THEOREM 1 A simple polygon with n sides, where n is an integer with n ≥ 3, can be triangulated into
n − 2 triangles.
It seems obvious that we should be able to triangulate a simple polygon by successively
adding interior diagonals. Consequently, a proof by strong induction seems promising. However,
such a proof requires this crucial lemma.
LEMMA 1 Every simple polygon with at least four sides has an interior diagonal.
Although Lemma 1 seems particularly simple, it is surprisingly tricky to prove. In fact, as
recently as 30 years ago, a variety of incorrect proofs thought to be correct were commonly seen
in books and articles. We defer the proof of Lemma 1 until after we prove Theorem 1. It is not
uncommon to prove a theorem pending the later proof of an important lemma.

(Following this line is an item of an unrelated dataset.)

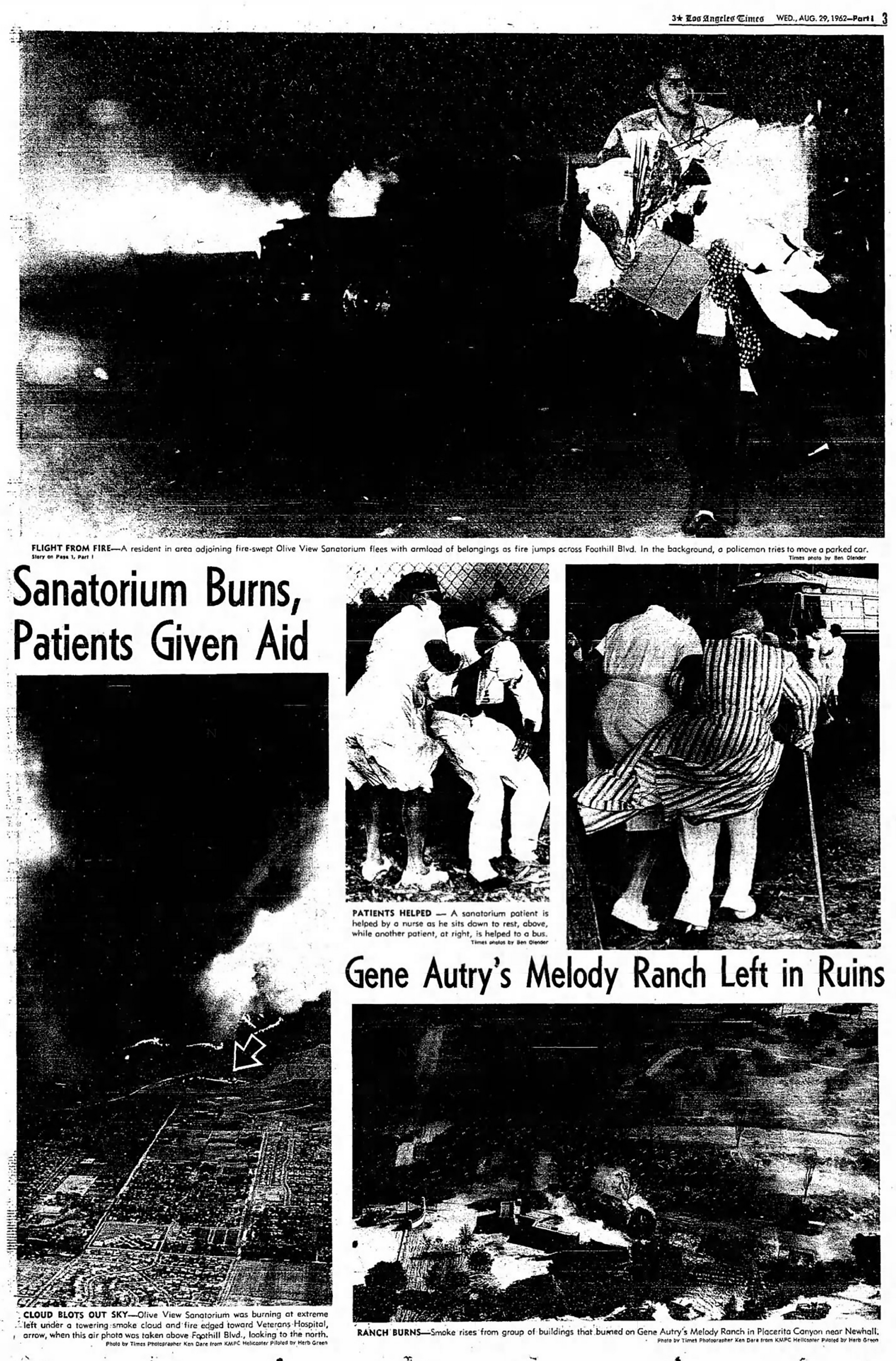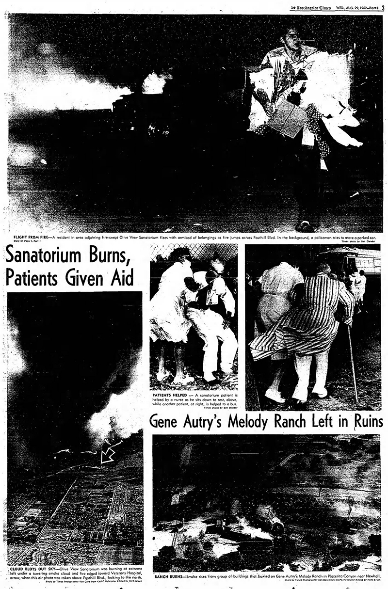 800 TB Patients Flee Fire; Homes, Autry Ranch Razed (AP 8-29-1962)

Proof (of Theorem 1): We will prove this result using strong induction. Let T (n) be the
statement that every simple polygon with n sides can be triangulated into n − 2 triangles.
BASIS STEP: T(3) is true because a simple polygon with three sides is a triangle.We do not need
to add any diagonals to triangulate a triangle; it is already triangulated into one triangle, itself.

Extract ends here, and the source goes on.